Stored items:
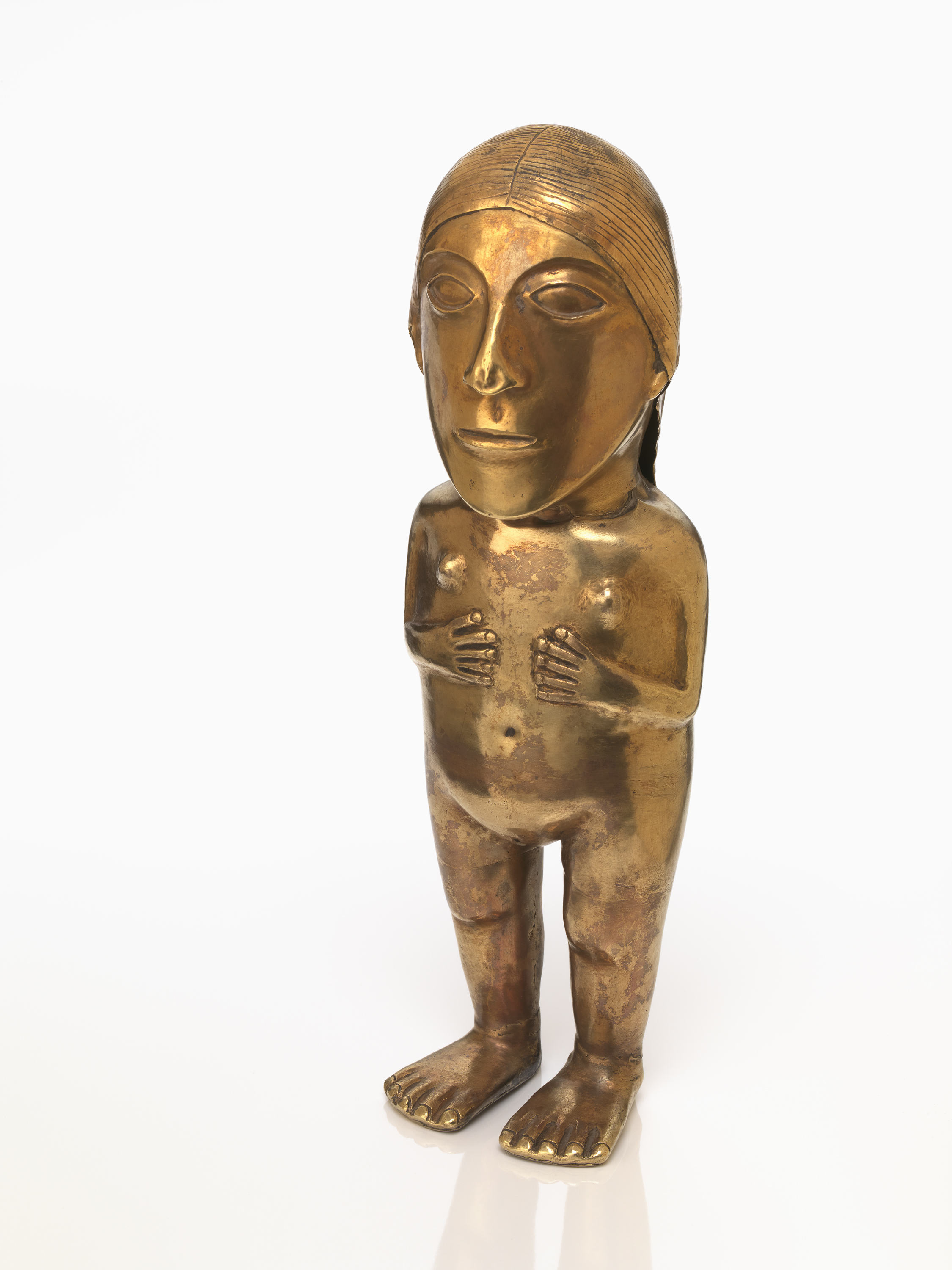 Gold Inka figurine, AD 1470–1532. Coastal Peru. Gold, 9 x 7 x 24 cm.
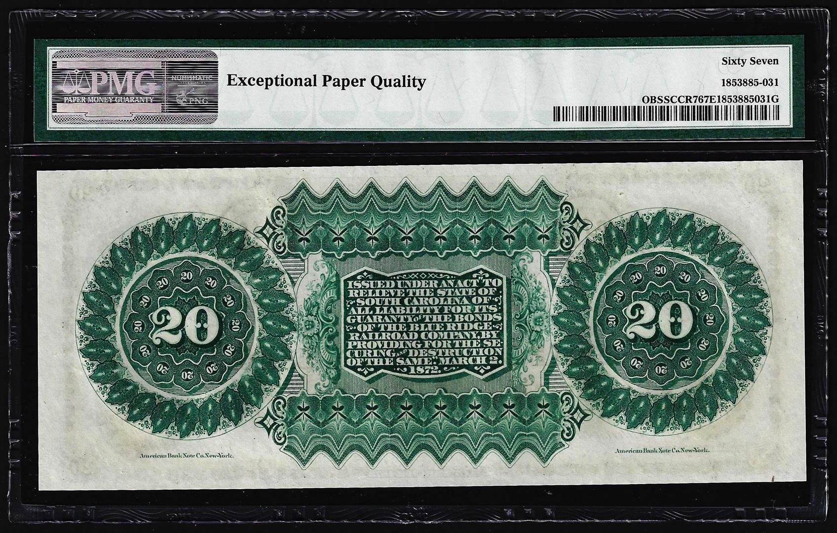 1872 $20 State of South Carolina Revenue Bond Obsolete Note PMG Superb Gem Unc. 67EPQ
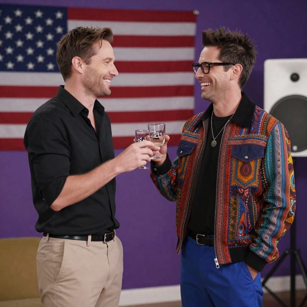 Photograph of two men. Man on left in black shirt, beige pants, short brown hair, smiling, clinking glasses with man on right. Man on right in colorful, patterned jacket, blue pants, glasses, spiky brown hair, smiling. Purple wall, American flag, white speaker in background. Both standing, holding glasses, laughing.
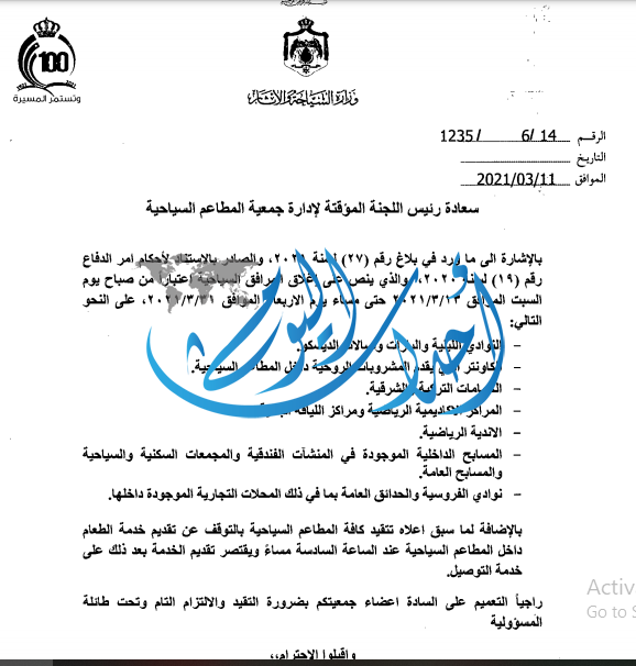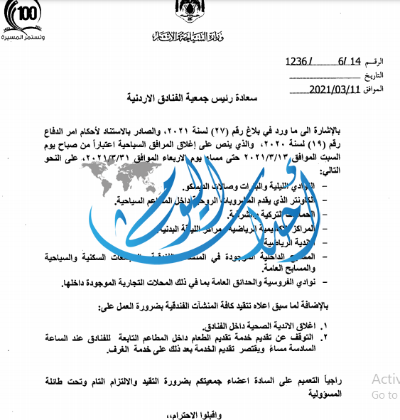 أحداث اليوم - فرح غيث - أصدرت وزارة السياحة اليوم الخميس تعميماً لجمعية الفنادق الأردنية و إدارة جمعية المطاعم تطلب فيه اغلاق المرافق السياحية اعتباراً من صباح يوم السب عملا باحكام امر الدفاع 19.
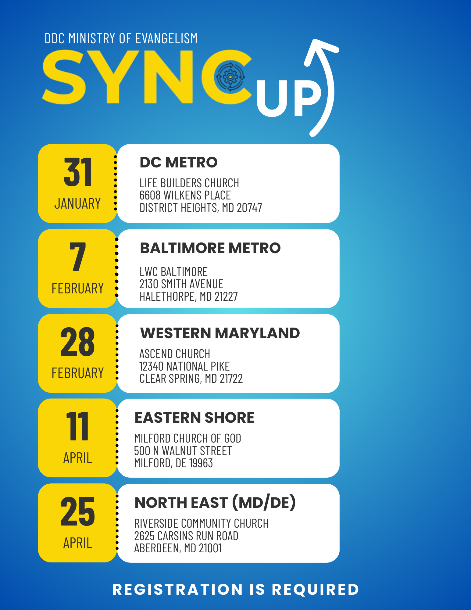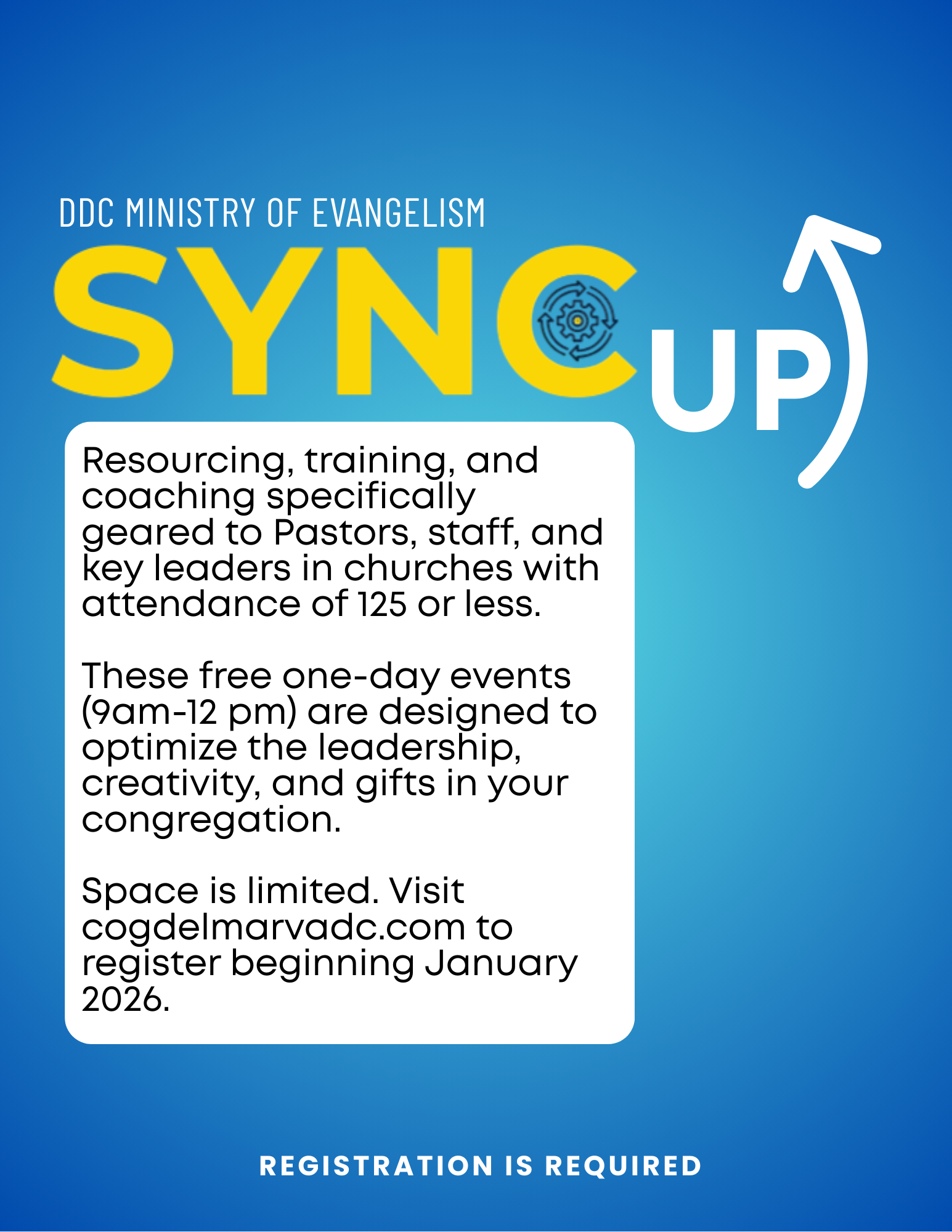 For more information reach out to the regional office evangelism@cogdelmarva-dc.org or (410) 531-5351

__Exercise brief__
Print exactly the line containing "أحداث اليوم - فرح" and every line after it through the final line above, and leave all pictures out.

__Answer for the task__
 أحداث اليوم - فرح غيث - أصدرت وزارة السياحة اليوم الخميس تعميماً لجمعية الفنادق الأردنية و إدارة جمعية المطاعم تطلب فيه اغلاق المرافق السياحية اعتباراً من صباح يوم السب عملا باحكام امر الدفاع 19.
 For more information reach out to the regional office evangelism@cogdelmarva-dc.org or (410) 531-5351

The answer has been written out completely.